AdaQS: Adaptive QuickScorer for Sparse Data and Regression Trees with Default Directions

This repository discusses fast rank techniques using additive ensembles of regression trees. The discussions are restricted only in academic scope with some theoretical and experimental analysis. The commercial use of our contributions are not allowed.

Introduction

Quickscorer¹ is a fast algorithm to rank documents with additive ensembles of regression trees. To efficiently score a document of features, rather than searching along individual trees in depth first manner as the conventional approaches do², quickscorer transforms the trees into a suite of flat structures and searches in them along the features. The experiments show that quickscorer achieves more than 2x speedups over the previous methods.
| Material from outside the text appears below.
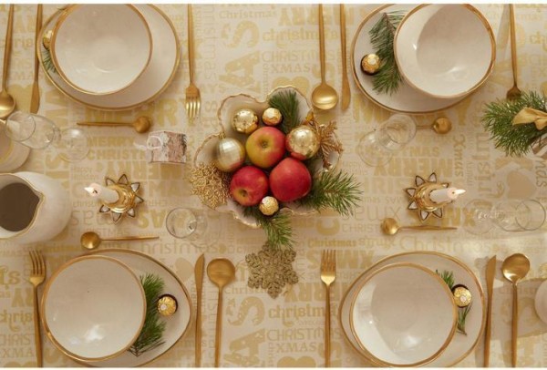 Скатерть Этель «Новый год: Merry xmas» цвет золотой, 142*220 +/-3 см, 115 ±10 гр, 100% п/э

However it is non-trivial to adapt quickscorer to regression trees with default directions trained by XGBoost library³ which is used widely by data scientists to achieve state-of-the-art results on many machine learning challenges. This means when a feature value is absent in a sparse data instance, the instance is classified into the predefined default directions (either left child or right child) by the tree nodes the split conditions of which are determined by this absent feature. The invention of default direction is an elegant solution to handle all sparsity patterns (e.g., missing values and one hot encoding) in a unfied way and boost the training process extremely fast.

This repository extends the work of quickscorer by proposing a novel adaptive algorithm (i.e., AdaQS) for sparse data and regression trees with default directions as trained by XGBoost. The experiments show that our algorithm achieves intensively better performance than a straightforward extension of quickscorer (i.e., PlainQS) to meet this problem setting.

The contributions of this repository are as follows.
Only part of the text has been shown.